[[ EXERCISE DATA, beginning ]]

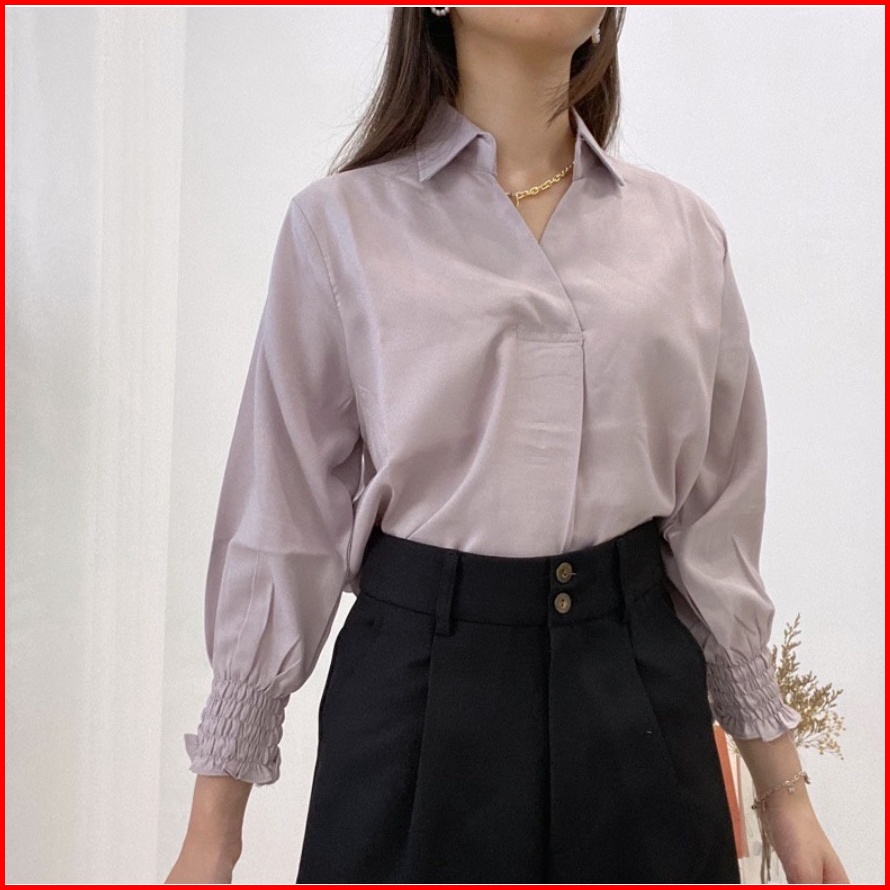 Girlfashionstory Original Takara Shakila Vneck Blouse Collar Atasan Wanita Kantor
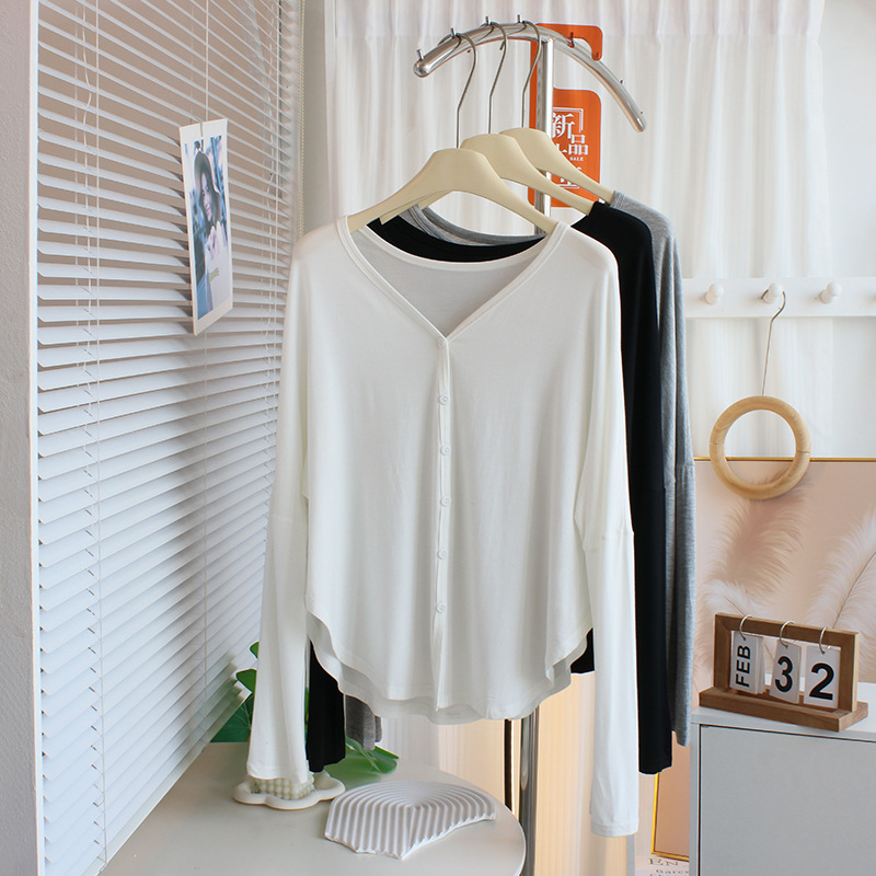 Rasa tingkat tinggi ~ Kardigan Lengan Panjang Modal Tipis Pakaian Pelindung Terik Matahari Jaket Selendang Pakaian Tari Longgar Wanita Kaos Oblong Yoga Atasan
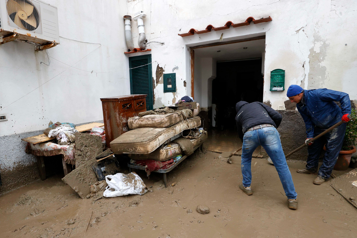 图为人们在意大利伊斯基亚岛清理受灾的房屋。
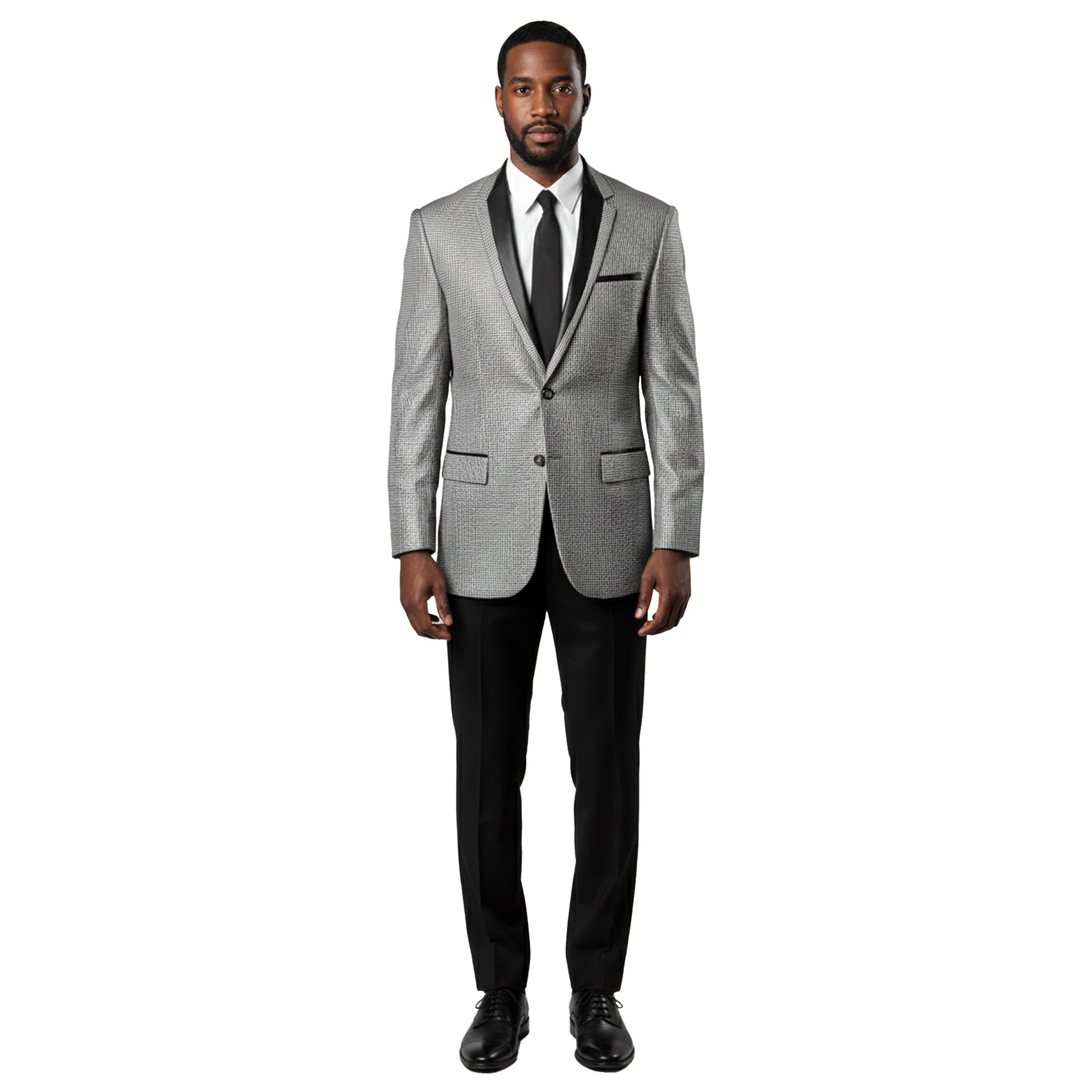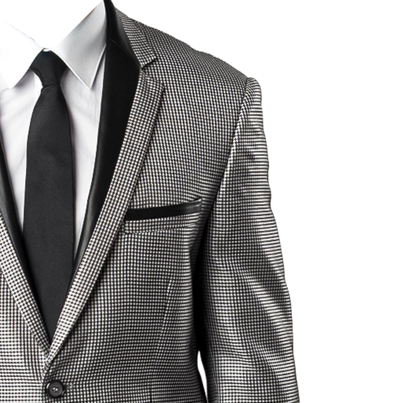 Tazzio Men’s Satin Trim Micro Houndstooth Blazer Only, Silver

[[ EXERCISE DATA, end ]]
[[ EXERCISE DATA, beginning ]]

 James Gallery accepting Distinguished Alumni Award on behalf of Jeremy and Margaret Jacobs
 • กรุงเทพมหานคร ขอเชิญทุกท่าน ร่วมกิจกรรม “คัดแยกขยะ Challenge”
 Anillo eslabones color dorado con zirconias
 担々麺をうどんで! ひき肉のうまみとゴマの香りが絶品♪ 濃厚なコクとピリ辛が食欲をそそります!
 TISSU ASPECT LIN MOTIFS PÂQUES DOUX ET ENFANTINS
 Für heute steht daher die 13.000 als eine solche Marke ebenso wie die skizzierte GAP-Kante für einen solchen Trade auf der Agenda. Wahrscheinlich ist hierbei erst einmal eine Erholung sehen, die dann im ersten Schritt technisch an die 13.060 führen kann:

[[ EXERCISE DATA, end ]]
[[ EXERCISE DATA, beginning ]]

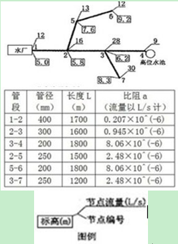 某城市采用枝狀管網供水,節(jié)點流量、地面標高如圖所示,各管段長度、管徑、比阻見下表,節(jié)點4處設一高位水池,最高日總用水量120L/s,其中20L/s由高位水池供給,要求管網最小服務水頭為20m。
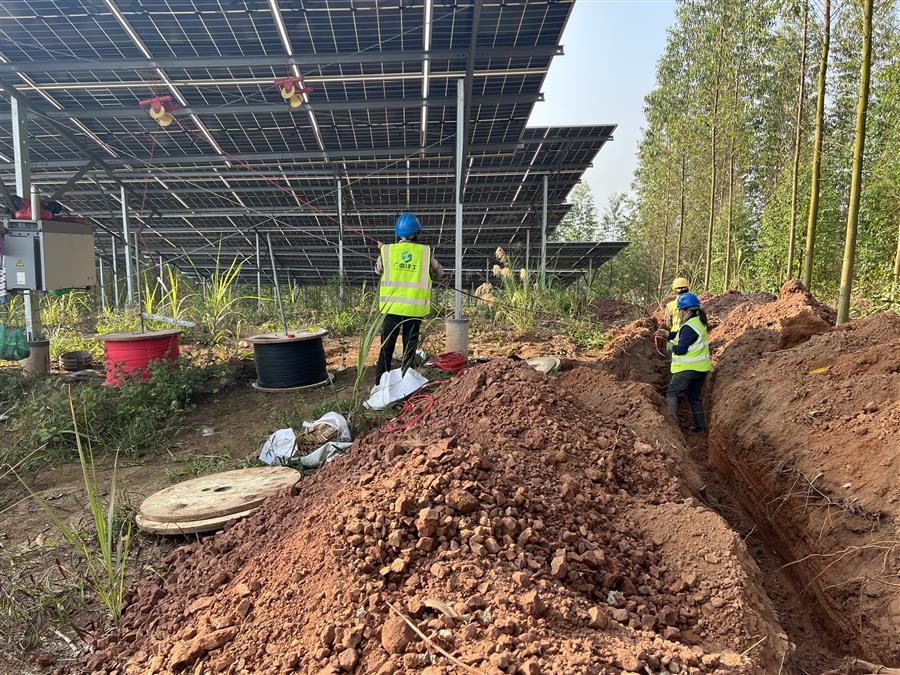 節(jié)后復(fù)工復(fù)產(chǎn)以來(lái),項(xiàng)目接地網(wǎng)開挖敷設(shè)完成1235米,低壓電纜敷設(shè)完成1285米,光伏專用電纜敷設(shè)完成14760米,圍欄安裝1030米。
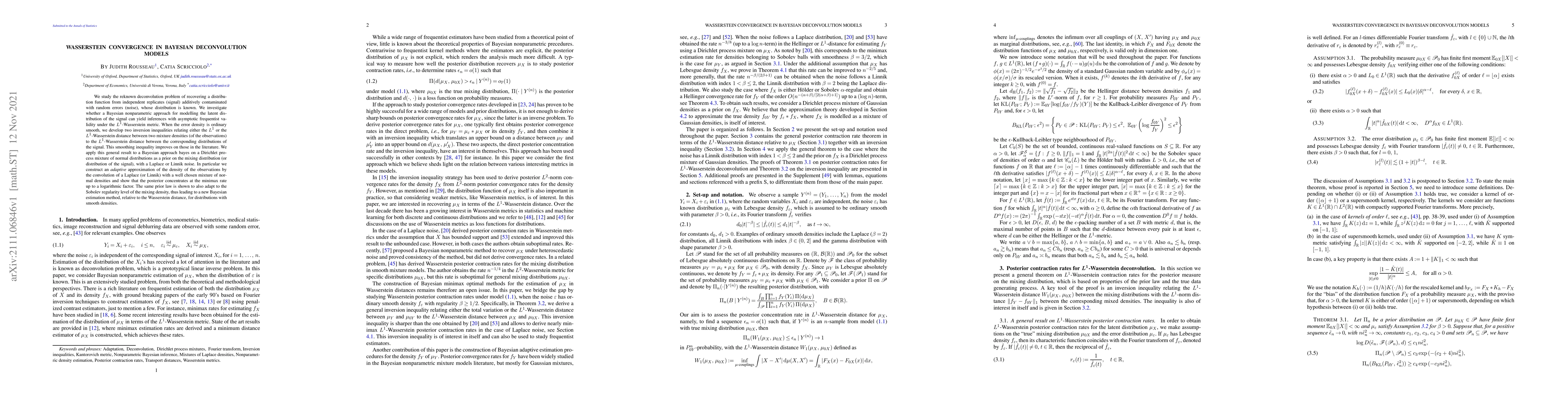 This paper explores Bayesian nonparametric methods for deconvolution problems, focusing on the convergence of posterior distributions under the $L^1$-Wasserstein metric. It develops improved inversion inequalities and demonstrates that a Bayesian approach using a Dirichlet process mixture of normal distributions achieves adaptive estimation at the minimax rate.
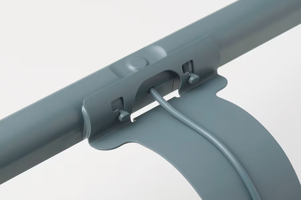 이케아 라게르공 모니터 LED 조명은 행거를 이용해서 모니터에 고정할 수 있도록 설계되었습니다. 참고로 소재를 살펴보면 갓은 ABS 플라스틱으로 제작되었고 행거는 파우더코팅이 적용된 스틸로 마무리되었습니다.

[[ EXERCISE DATA, end ]]

▶ [TASK STATEMENT] Within the listing above, locate the line containing "TISSU ASPECT LIN" and the line containing "Für heute steht". Reproduce those two lines and all lines between them exactly, with nothing added.

▶ [ANSWER AREA]
 TISSU ASPECT LIN MOTIFS PÂQUES DOUX ET ENFANTINS
 Für heute steht daher die 13.000 als eine solche Marke ebenso wie die skizzierte GAP-Kante für einen solchen Trade auf der Agenda. Wahrscheinlich ist hierbei erst einmal eine Erholung sehen, die dann im ersten Schritt technisch an die 13.060 führen kann:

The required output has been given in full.